Exercise instructions: Your answer must be an exact copy of the records, minus any pictures.

--------------------------------

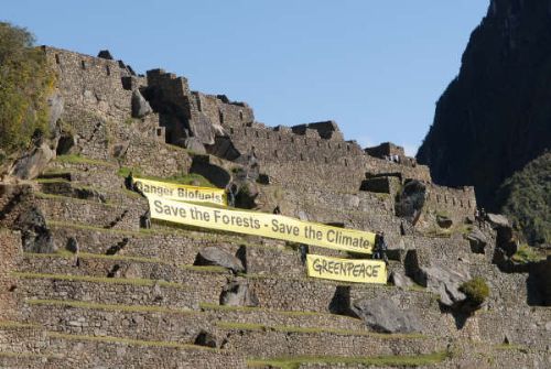 El jueves 15 un grupo perteneciente al citado movimiento ecologista realizó una manifestación en el más emblemático sitio arqueológico peruano utilizando cartelones en los que se pedía la conservación de los bosques.
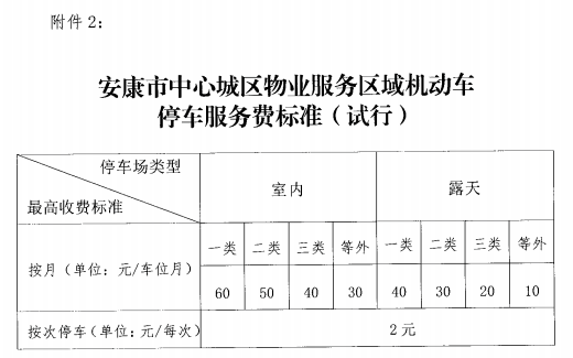2、《安康市中心城區(qū)物業(yè)服務(wù)區(qū)域機(jī)動(dòng)車停車服務(wù)費(fèi)標(biāo)準(zhǔn)》(試行)。
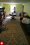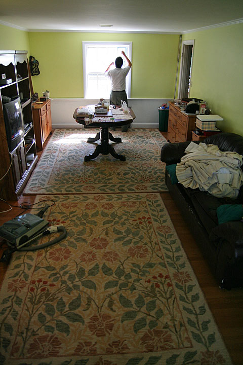 we did a good enough job yesterday that we didn't need a second coat, but i still went around and patched up a few light areas on the wall with a brush. after i was done with that we started a reverse clean-up: disassembling everything, tearing off the blue tape from the windows and floors, removing the pink rosin paper, and finally putting all the furniture back. this took most of the day but by the time we were done the living room reverted back to the way it was before, except with a fresh coat of paint. the mismatched furniture and rugs made the room seem less appealing, but that's an entirely different problem. i'm just the painter.
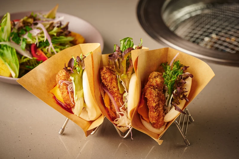 以台式漢堡-刈包作為創意發想,選用台灣在地養殖的豬里肌製作成日式炸豬排,搭配自製的韓式鮮味辣醬、鮮脆生菜、切達起司片,讓刈包有著全新口感與風味。
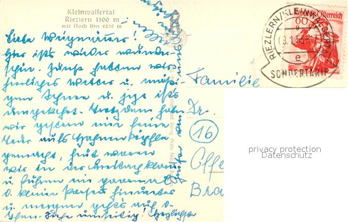 73591587 alte Postkarte Riezlern Kleinwalsertal Vorarlberg mit Hoch Ifen postalisch gelaufen Erhaltung siehe scans [LiesaD40] KatCode: 11390
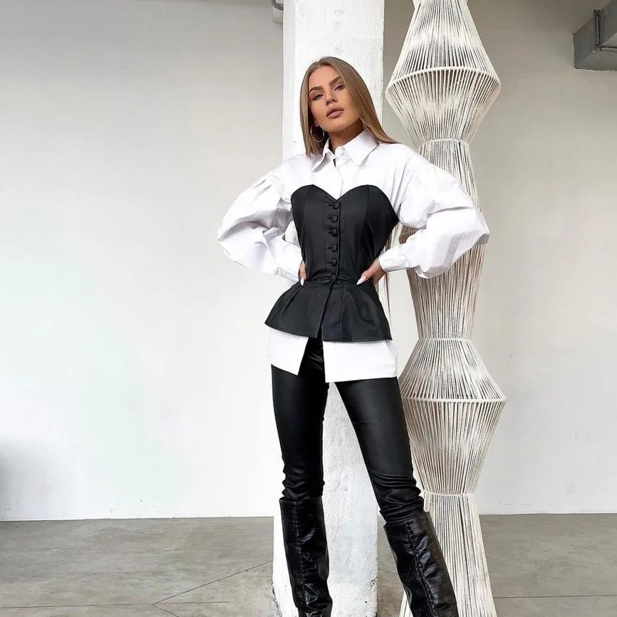 Для создания стильного образа надевайте черные леггинсы из эко-кожи, белую рубашку с объемными рукавами и сверху – корсет. Дополните лук высокими сапогами из кожи рептилии, небольшим клатчем и пальто. В нем вы можете отправиться на светское мероприятие или романтический ужин.
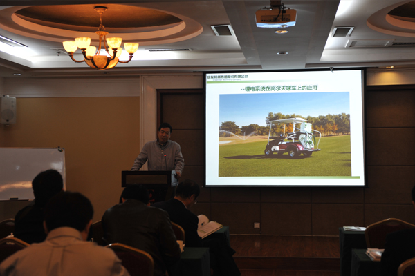會議第二項內(nèi)容由綠友集團OHEV事業(yè)部張得玉先生匯報鋰電系統(tǒng)在高爾夫球場上的應(yīng)用。這是個全新的課題,大家聽得非常認(rèn)真。在高爾夫業(yè)內(nèi)現(xiàn)階段使用的都是鉛酸電池,張得玉先生從鉛酸電池對環(huán)境的污染和鉛酸廢舊電池如何處理,以及鉛酸電池性能與鋰電電池性能的巨大差距等幾個方面匯報了行業(yè)內(nèi)目前的狀況。由于鉛酸電池本身性能上有缺陷,使用壽命短,業(yè)內(nèi)以后的發(fā)展趨勢一定會向著更加環(huán)保、安全和性能卓越方面發(fā)展,綠友集團走在了行業(yè)的前面。
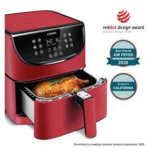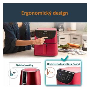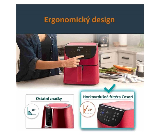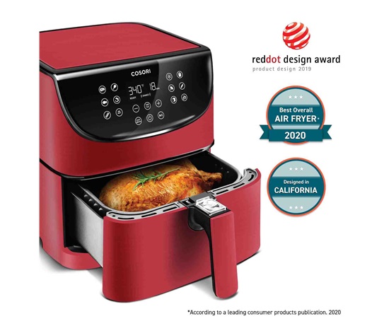 Design horkovzdušné fritézy COSORI CP158-AF byl navržen v Kalifornii. Díky své praktičnosti, funkcím, ovládání i přehlednému dotykovému nakloněnému LED displeji se snadno přístupnými tlačítky získal také prestižní ocenění Red Dot Award za nejlepší design.
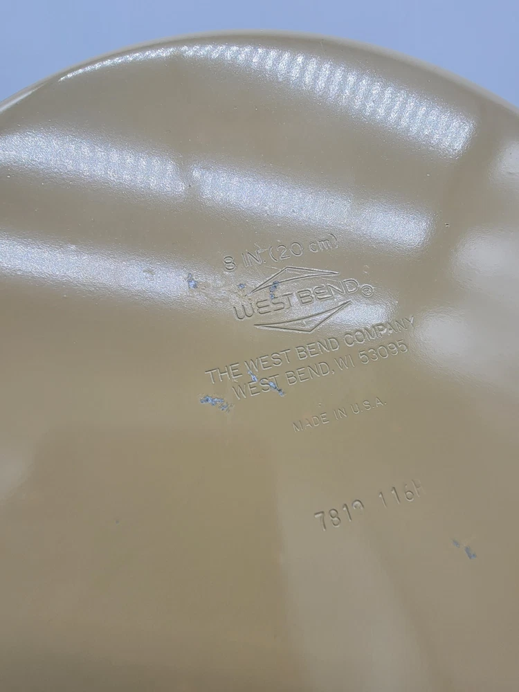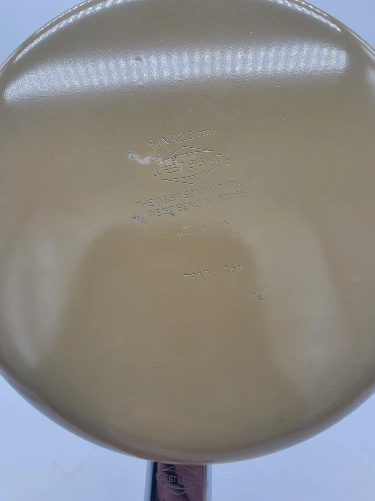 West Bend 8 inch Pan Skillet & Lid Almond VTG 7819 116h Made in USA VTG This listing is for a West Bend 8 inch Pan : Pre-owned and used condition The pan and lid have minimal wear and tear, with light scratching/scuffing There are two areas where it shows visible damage, 1 is located on the side (see picture) and another is on the bottom (picture of bottom), where damage/markings can be observed The inside of the pan is in great condition The skillet measures 8" (inches/in) in diameter Overall in great condition Smoke free home See pictures for measurements We do our best to describe the item, but please take a look at the pictures attached to this listing as they are the exact product that will be sent to the buyer upon payment & processing. Any stands or other items used to prop/display items are not included in the listing, unless otherwise stated. Stock photos are NOT used on ANY of our product postings at JusNTru Treasures. If you have ANY questions, please do not hesitate to reach out. **Look at our other items available at JusNTru Treasures eBay Store*
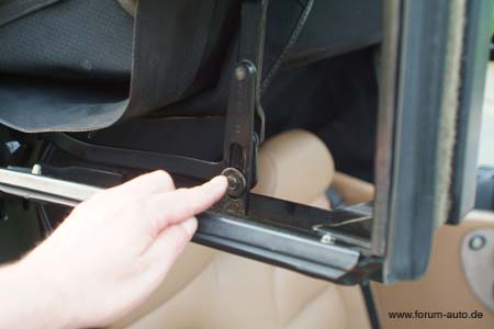 Alte-Sitzschienen bis Modell 1989: Höhenverstellung des Fahersitzes vorne, umklapp Sitzsperre bei den dreitürigen Modellen unten am Gelenk |
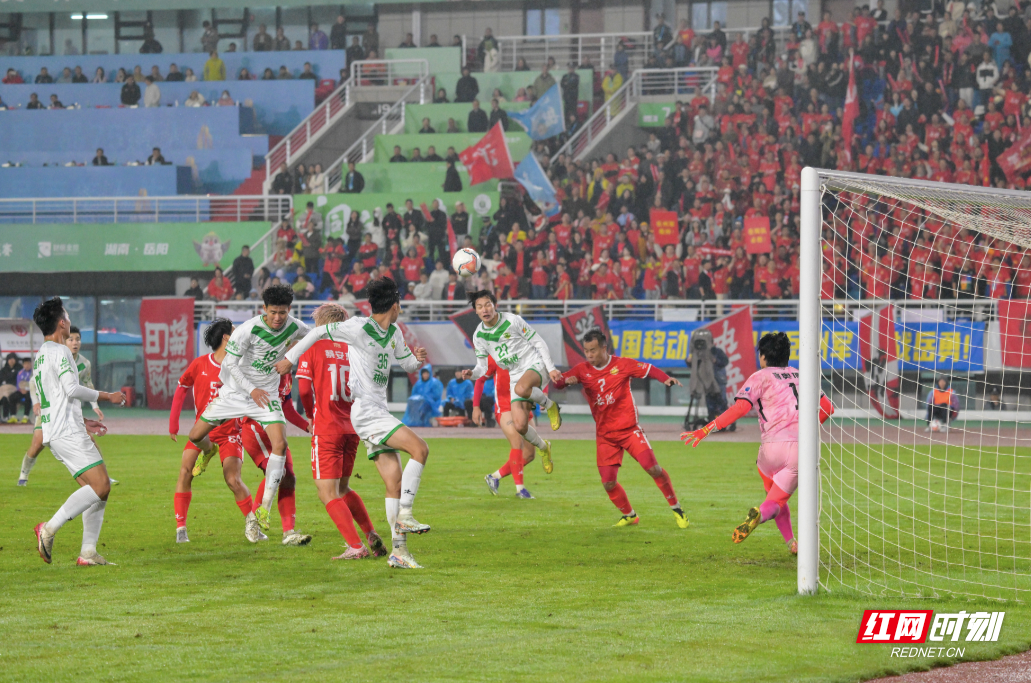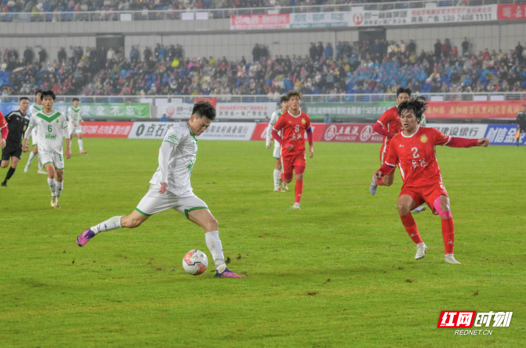 比赛开场即陷入胶着。第12分钟,郴州队“核武7”王博禁区内左脚劲射破门,率先打破僵局。上半场郴州队以1:0比分暂时领先岳阳队。下半场,岳阳队为了扳平比分,继续保持高强度进攻。经过多次进攻后,岳阳队终于抓住机会,第87分钟,岳阳队定位球开出,8号余骞禁区内接球后,一脚抽射破门,1:1扳平比分。补时阶段,双方互有攻守,但都是无功而返,最终双方1:1战平。
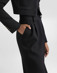 The Women's Black Sicily Collection reinforces Dolce&Gabbana's iconic fabrics and codes rooted in Italian heritage. Sensual silhouettes, highlighted by floral prints and refined corsetry, evoke an intriguing elegance, while the iconic black lace, satin, and velvet dominate the collection. Denim in various shades of blue introduces a contemporary twist, balancing the classic and modern. Embroidered crosses, medals, and jewelry add a sophisticated touch. Wool calf-length pencil skirt: • Black • High-waisted • Welt back pockets with DG logo buttons • Front slit • Unlined • Front zipper and DG logo button fastening • The piece measures 75 cm from the waist down on a size IT 40 • The model is 175 cm tall and wears a size IT 40 • Made in Italy External composition: 100% Virgin Wool
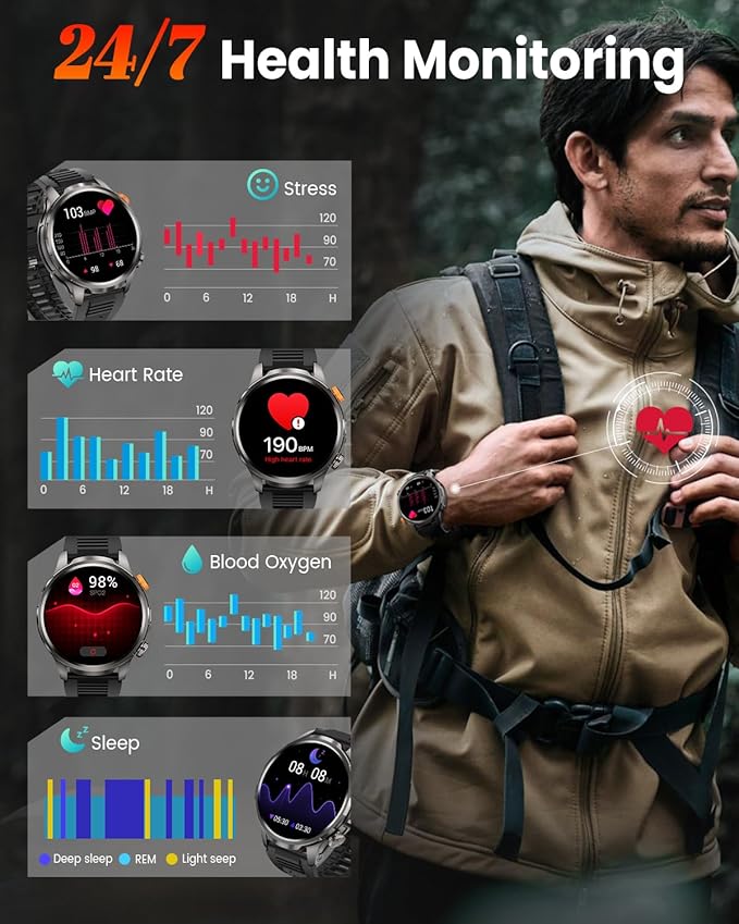 - 【24/7 Health & Fitness Monitoring】 This smartwatch for men uses high-precision sensors to track your heart rate, blood oxygen, sleep quality, and stress levels in real time. The companion app provides detailed sleep analysis (light, deep, and awake stages) and health insights to help you optimize your lifestyle. (Note: Not intended for medical use.)
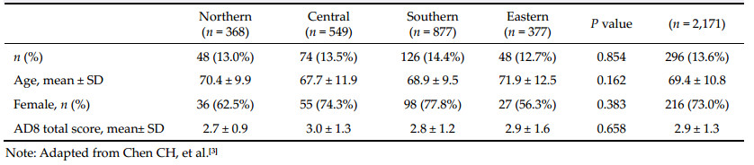 Recently,there were two studies addressing the current prevalence of dementia in Taiwan[2, 3]. A study using the ascertainment of dementia 8 (AD8) as a screening tool to screen individuals aged greater than 50 years old has found that the estimated prevalence of very mild dementia could be higher than before. That study was completed by the extensive coverage of the mentality protection center (MPC),Fo Guangshan, Taiwan,and the volunteers of MPC conducted medicine‐related services and screening of dementia by using the AD8 that can detect dementia even at its very mild stage in the general population throughout Taiwan. From 2011 to 2013,in total,2,171 participants, 368 in the northern,549 in the central,877 in the southern,and 377 in the eastern part,were recruited with the mean age being 66.9 ± 10.2 years. The ratio of patients with suspected dementia with an AD8 score ?2 was 13.6% for all recruited participants, with their mean AD8 score being 2.9 ± 1.3,mean age being 69.4 ± 10.8 years,and female predominance being 73.0% (Table 1). Although this is a screening study,it has extensive coverage of Taiwan. The AD8 is capable of screening very mild dementia and the results have provided updated information on early stage dementia in Taiwan[3].
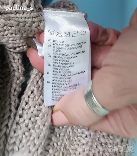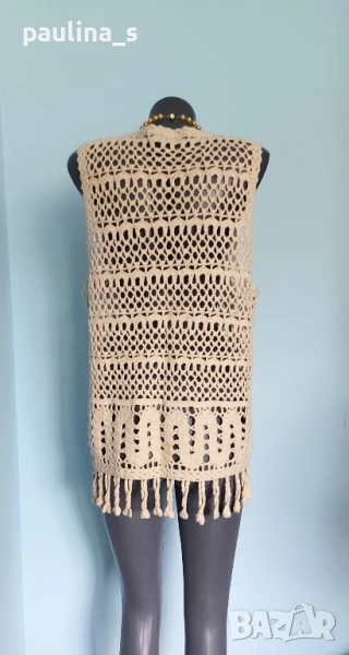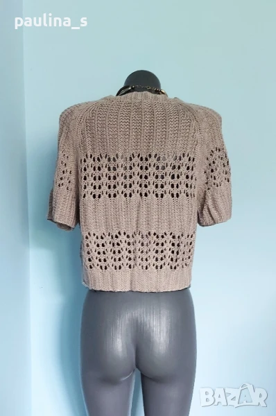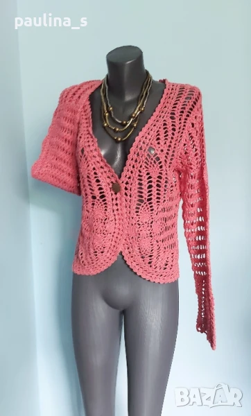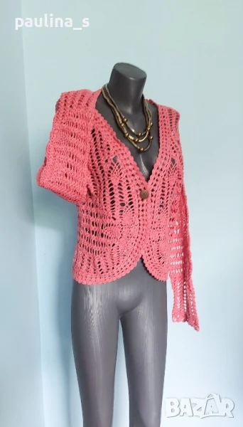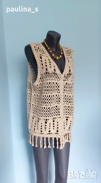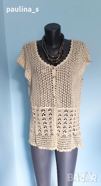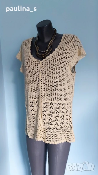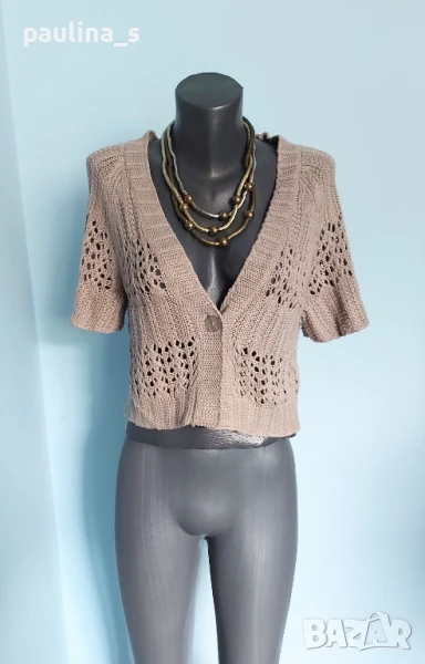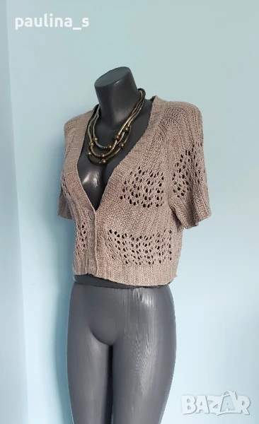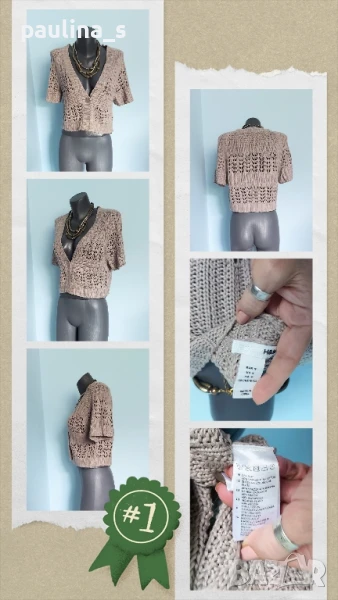 4️⃣ Колаж / ВИНТИДЖ 2004г. L / 3XL - "H&M". Цената е крайна 29,99лв / 15 евро. Къс плетен топ, тип наметка, с реглан ръкави, изключително качествена изработка и аутлук. Плетивото има еластичност и покрива няколко размера. Преждата е 40% памук и 60% вискоза, плетивото дава еластичност до 3XL. Размер по етикет S, но е доста уголемен. Изглежда като дантелена наметка, мека и приятна за допир до кожата. Копче от натурален седеф Абалон, има и резервно. Цветът е неутрален и подхожда на всичко. Не е чисто нов, като нов.
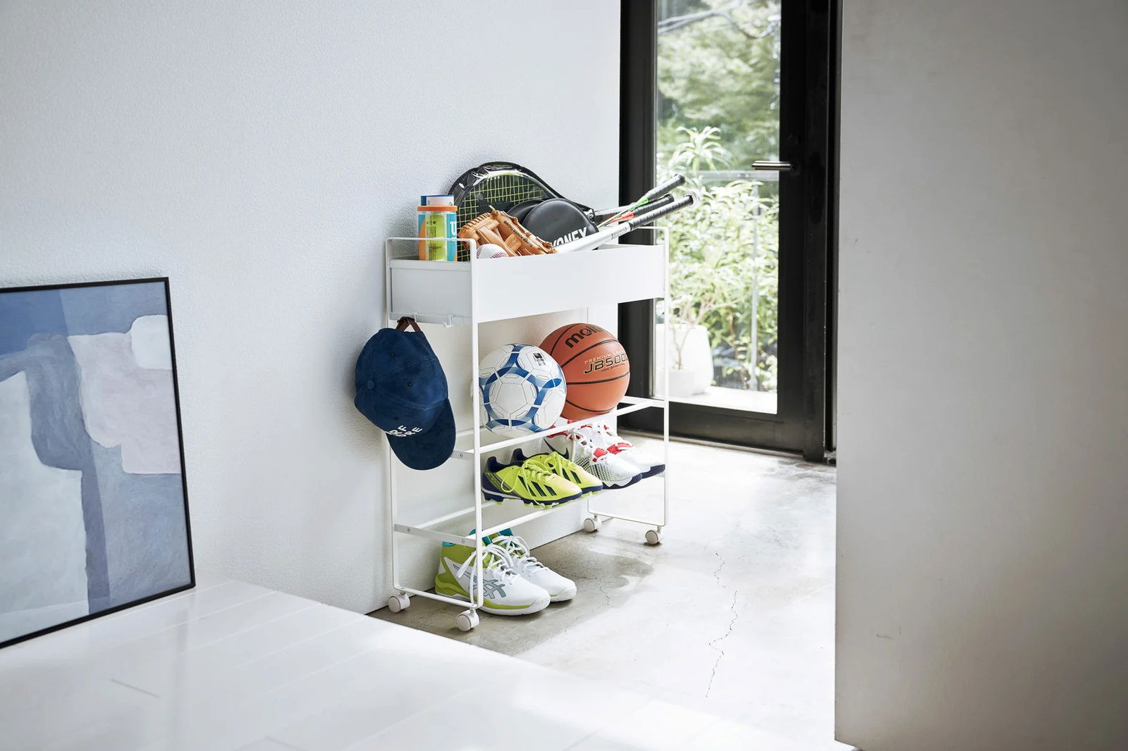Παρέχει χώρο αποθήκευσης σε τρία επίπεδα για διάφορα είδη οικιακής χρήσης, εξοπλισμένο με ρόδες που του επιτρέπει την εύκολη μετακίνηση, ενώ το ρυθμιζόμενο διαχωριστικό στο επάνω καλάθι εξασφαλίζει καλύτερη οργάνωση.

--------------------------------

Expected output:
 El jueves 15 un grupo perteneciente al citado movimiento ecologista realizó una manifestación en el más emblemático sitio arqueológico peruano utilizando cartelones en los que se pedía la conservación de los bosques.
2、《安康市中心城區(qū)物業(yè)服務(wù)區(qū)域機(jī)動(dòng)車停車服務(wù)費(fèi)標(biāo)準(zhǔn)》(試行)。
 we did a good enough job yesterday that we didn't need a second coat, but i still went around and patched up a few light areas on the wall with a brush. after i was done with that we started a reverse clean-up: disassembling everything, tearing off the blue tape from the windows and floors, removing the pink rosin paper, and finally putting all the furniture back. this took most of the day but by the time we were done the living room reverted back to the way it was before, except with a fresh coat of paint. the mismatched furniture and rugs made the room seem less appealing, but that's an entirely different problem. i'm just the painter.
 以台式漢堡-刈包作為創意發想,選用台灣在地養殖的豬里肌製作成日式炸豬排,搭配自製的韓式鮮味辣醬、鮮脆生菜、切達起司片,讓刈包有著全新口感與風味。
 73591587 alte Postkarte Riezlern Kleinwalsertal Vorarlberg mit Hoch Ifen postalisch gelaufen Erhaltung siehe scans [LiesaD40] KatCode: 11390
 Для создания стильного образа надевайте черные леггинсы из эко-кожи, белую рубашку с объемными рукавами и сверху – корсет. Дополните лук высокими сапогами из кожи рептилии, небольшим клатчем и пальто. В нем вы можете отправиться на светское мероприятие или романтический ужин.
會議第二項內(nèi)容由綠友集團OHEV事業(yè)部張得玉先生匯報鋰電系統(tǒng)在高爾夫球場上的應(yīng)用。這是個全新的課題,大家聽得非常認(rèn)真。在高爾夫業(yè)內(nèi)現(xiàn)階段使用的都是鉛酸電池,張得玉先生從鉛酸電池對環(huán)境的污染和鉛酸廢舊電池如何處理,以及鉛酸電池性能與鋰電電池性能的巨大差距等幾個方面匯報了行業(yè)內(nèi)目前的狀況。由于鉛酸電池本身性能上有缺陷,使用壽命短,業(yè)內(nèi)以后的發(fā)展趨勢一定會向著更加環(huán)保、安全和性能卓越方面發(fā)展,綠友集團走在了行業(yè)的前面。
 Design horkovzdušné fritézy COSORI CP158-AF byl navržen v Kalifornii. Díky své praktičnosti, funkcím, ovládání i přehlednému dotykovému nakloněnému LED displeji se snadno přístupnými tlačítky získal také prestižní ocenění Red Dot Award za nejlepší design.
 West Bend 8 inch Pan Skillet & Lid Almond VTG 7819 116h Made in USA VTG This listing is for a West Bend 8 inch Pan : Pre-owned and used condition The pan and lid have minimal wear and tear, with light scratching/scuffing There are two areas where it shows visible damage, 1 is located on the side (see picture) and another is on the bottom (picture of bottom), where damage/markings can be observed The inside of the pan is in great condition The skillet measures 8" (inches/in) in diameter Overall in great condition Smoke free home See pictures for measurements We do our best to describe the item, but please take a look at the pictures attached to this listing as they are the exact product that will be sent to the buyer upon payment & processing. Any stands or other items used to prop/display items are not included in the listing, unless otherwise stated. Stock photos are NOT used on ANY of our product postings at JusNTru Treasures. If you have ANY questions, please do not hesitate to reach out. **Look at our other items available at JusNTru Treasures eBay Store*
 Alte-Sitzschienen bis Modell 1989: Höhenverstellung des Fahersitzes vorne, umklapp Sitzsperre bei den dreitürigen Modellen unten am Gelenk |
 比赛开场即陷入胶着。第12分钟,郴州队“核武7”王博禁区内左脚劲射破门,率先打破僵局。上半场郴州队以1:0比分暂时领先岳阳队。下半场,岳阳队为了扳平比分,继续保持高强度进攻。经过多次进攻后,岳阳队终于抓住机会,第87分钟,岳阳队定位球开出,8号余骞禁区内接球后,一脚抽射破门,1:1扳平比分。补时阶段,双方互有攻守,但都是无功而返,最终双方1:1战平。
 The Women's Black Sicily Collection reinforces Dolce&Gabbana's iconic fabrics and codes rooted in Italian heritage. Sensual silhouettes, highlighted by floral prints and refined corsetry, evoke an intriguing elegance, while the iconic black lace, satin, and velvet dominate the collection. Denim in various shades of blue introduces a contemporary twist, balancing the classic and modern. Embroidered crosses, medals, and jewelry add a sophisticated touch. Wool calf-length pencil skirt: • Black • High-waisted • Welt back pockets with DG logo buttons • Front slit • Unlined • Front zipper and DG logo button fastening • The piece measures 75 cm from the waist down on a size IT 40 • The model is 175 cm tall and wears a size IT 40 • Made in Italy External composition: 100% Virgin Wool
 - 【24/7 Health & Fitness Monitoring】 This smartwatch for men uses high-precision sensors to track your heart rate, blood oxygen, sleep quality, and stress levels in real time. The companion app provides detailed sleep analysis (light, deep, and awake stages) and health insights to help you optimize your lifestyle. (Note: Not intended for medical use.)
 Recently,there were two studies addressing the current prevalence of dementia in Taiwan[2, 3]. A study using the ascertainment of dementia 8 (AD8) as a screening tool to screen individuals aged greater than 50 years old has found that the estimated prevalence of very mild dementia could be higher than before. That study was completed by the extensive coverage of the mentality protection center (MPC),Fo Guangshan, Taiwan,and the volunteers of MPC conducted medicine‐related services and screening of dementia by using the AD8 that can detect dementia even at its very mild stage in the general population throughout Taiwan. From 2011 to 2013,in total,2,171 participants, 368 in the northern,549 in the central,877 in the southern,and 377 in the eastern part,were recruited with the mean age being 66.9 ± 10.2 years. The ratio of patients with suspected dementia with an AD8 score ?2 was 13.6% for all recruited participants, with their mean AD8 score being 2.9 ± 1.3,mean age being 69.4 ± 10.8 years,and female predominance being 73.0% (Table 1). Although this is a screening study,it has extensive coverage of Taiwan. The AD8 is capable of screening very mild dementia and the results have provided updated information on early stage dementia in Taiwan[3].
 4️⃣ Колаж / ВИНТИДЖ 2004г. L / 3XL - "H&M". Цената е крайна 29,99лв / 15 евро. Къс плетен топ, тип наметка, с реглан ръкави, изключително качествена изработка и аутлук. Плетивото има еластичност и покрива няколко размера. Преждата е 40% памук и 60% вискоза, плетивото дава еластичност до 3XL. Размер по етикет S, но е доста уголемен. Изглежда като дантелена наметка, мека и приятна за допир до кожата. Копче от натурален седеф Абалон, има и резервно. Цветът е неутрален и подхожда на всичко. Не е чисто нов, като нов.
Παρέχει χώρο αποθήκευσης σε τρία επίπεδα για διάφορα είδη οικιακής χρήσης, εξοπλισμένο με ρόδες που του επιτρέπει την εύκολη μετακίνηση, ενώ το ρυθμιζόμενο διαχωριστικό στο επάνω καλάθι εξασφαλίζει καλύτερη οργάνωση.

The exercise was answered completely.